From the Ripon Civic Society 2010 Ripon Civic Society Comment: LOW SKELLGATE'S HIDDEN CHARMS

"The Turk’s Head. The more you study it, the more interesting it is. The listing says it is ‘C18, altered in mid-C19’ – though its origins could be even earlier. Its curve-headed windows (now boarded up), and the moulded cornice that does a little hop over the door, are early 19th century. The moulded pair of doves on the upper story is mirrored in the cast-iron grill below. The whole place has (or at least had) a festive and welcoming air."

I didn't manage to get inside the pub, although the doors were brand new and open. Because I noticed there was a presence and that was squatters - this was because there was a light on the top of the staircase, temperature was a bit warmer than outside and two pairs of boots on a 'Welcome' mat.

I also took some photos of the back of the antique shop.


























Open window, I wonder why?





Squatters!
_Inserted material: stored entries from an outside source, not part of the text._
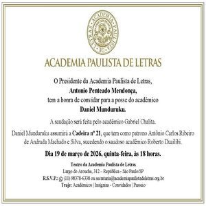 A Academia Paulista de Letras realiza no próximo dia 19 de março de 2026, às 18h, a cerimônia de posse do escritor Daniel Munduruku na Cadeira 21 da instituição.
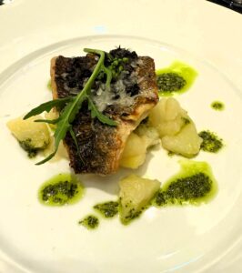 イサキの網焼きとじゃが芋のロースト オリーブタブナードとジェノベーゼ
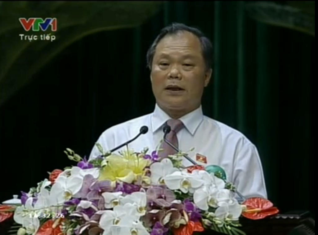 | Ông Phan Trung Lý trình bày bản giải trình, tiếp thu Dự thảo sửa đổi Hiến pháp năm 1992 trong phiên họp chiều nay. Ảnh cắt từ clip của VTV |
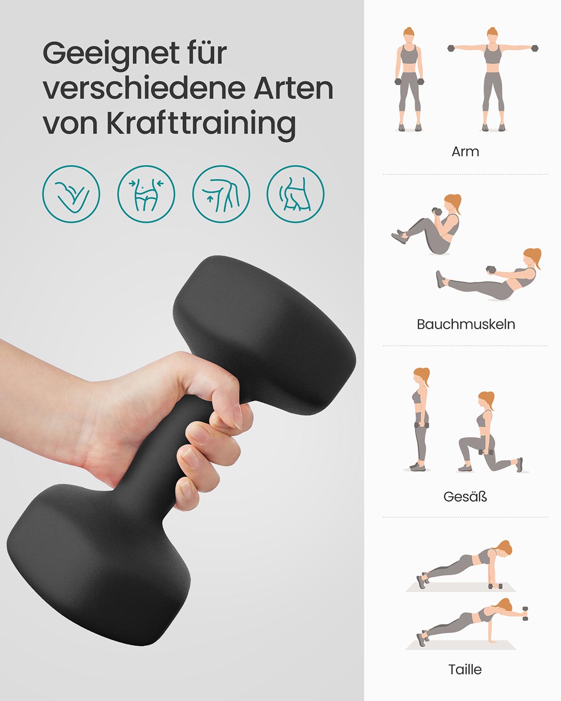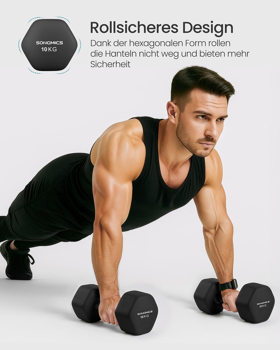 SONGMICS käsipainot, 2 kpl, käsipainosetti, käsipainot, kuusikulmainen, neopreenipinnoite, voimaharjoittelu, treeni, kuntoilu, kotikäyttöön
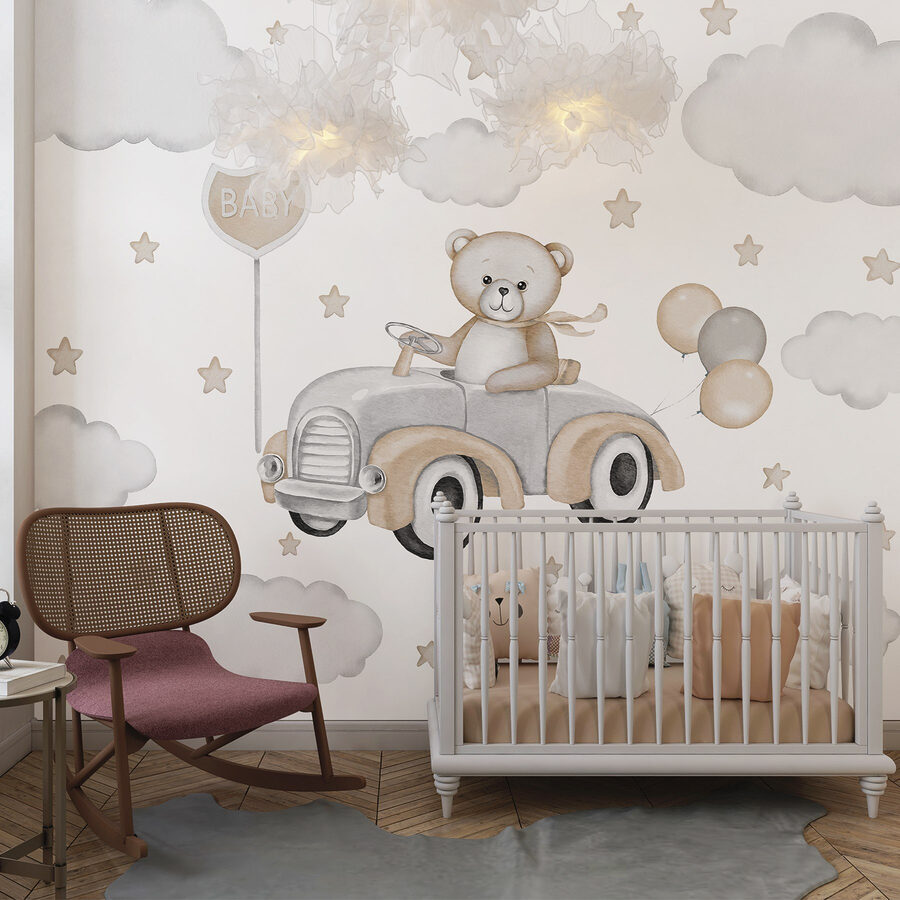 Dale un toque de alegría a la habitación de cualquier pequeño con este encantador mural de pared que muestra a un osito de peluche en una encantadora aventura. Imagínate al peluche al volante, globo en mano, navegando entre nubes suaves y estrellas centelleantes. Es el tipo de escena que hace que la hora de dormir sea un poco más mágica y soñadora. Perfecto para despertar la imaginación, este mural transforma cualquier espacio en una escapada caprichosa. Es como tener un simpático copiloto que vigila alegremente a tu hijo, creando un acogedor refugio lleno de maravillas y risas. Es el toque perfecto para la habitación de una niña o un cuarto infantil: divertido y relajante, ¡tal y como debería ser la infancia!
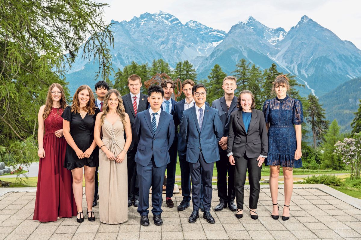 Las maturandas, ils maturands ed ils absolvents da l’International Baccalaureate da l’Institut otalpin Ftan dürant la festa da diplom (fotografia: mad).
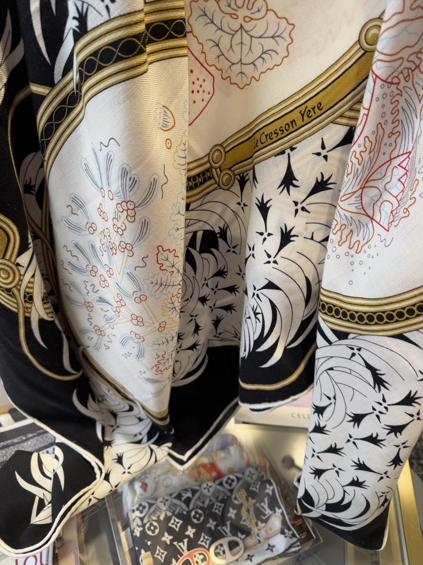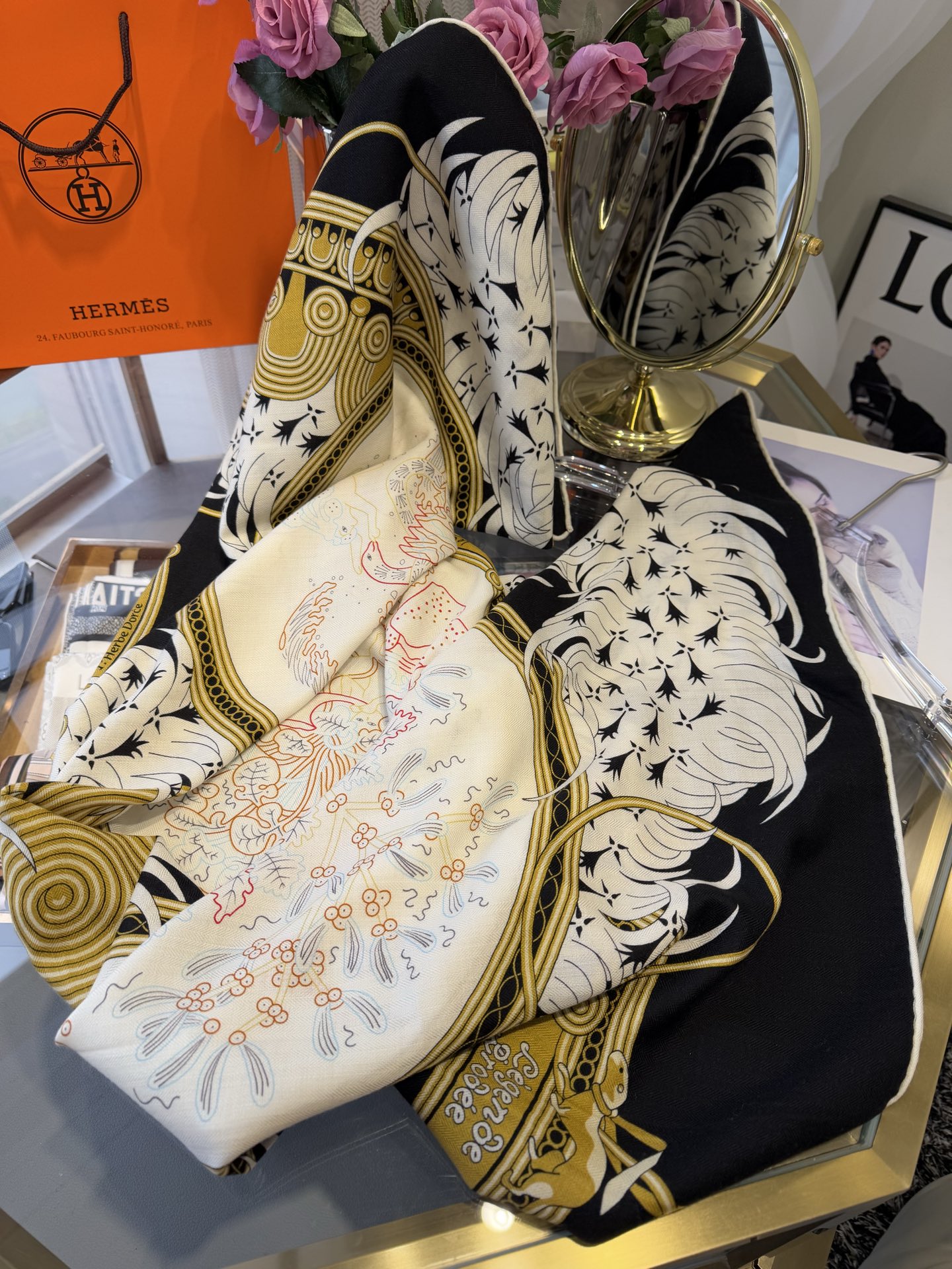 这款围巾是AAAAA 1:1 质量 (非常棒). 使用了和原版一模一样的材料. 商标部分也保持了和爱马仕/Hermes一样. 图片拍摄是实物围巾拍摄, 您所收到的实物保证和我们图片一模一样.
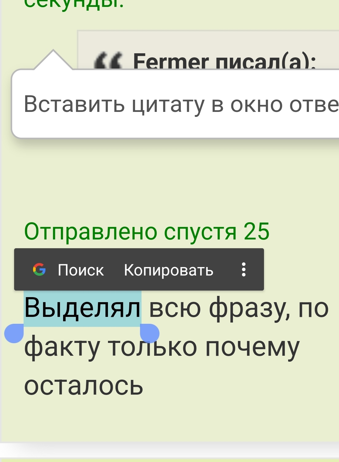 Bezviz писал(а):Источник цитаты телефона, то надо после выделения
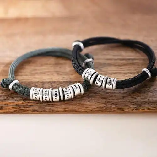 PolishedPlus Customized Bracelet Titanium Steel Braided Rope Men's Custom Letter Name Beaded Personalized Dad Birthday Gift

This light was off earlier!

------------------------------------------------------------------------------------------------------------





This is the back of the antique shop... taken slightly earlier

























Thanks for looking! 

Yours

URBEX PHANTOM


----------



## smiler (Nov 22, 2015)

Makes sense, they wouldn't have appreciated being woken at the crack of dawn, I liked it, Thanks 6


----------



## TheUrbexPhantom (Nov 22, 2015)

It wasn't at the crack of dawn though, it was at dusk


----------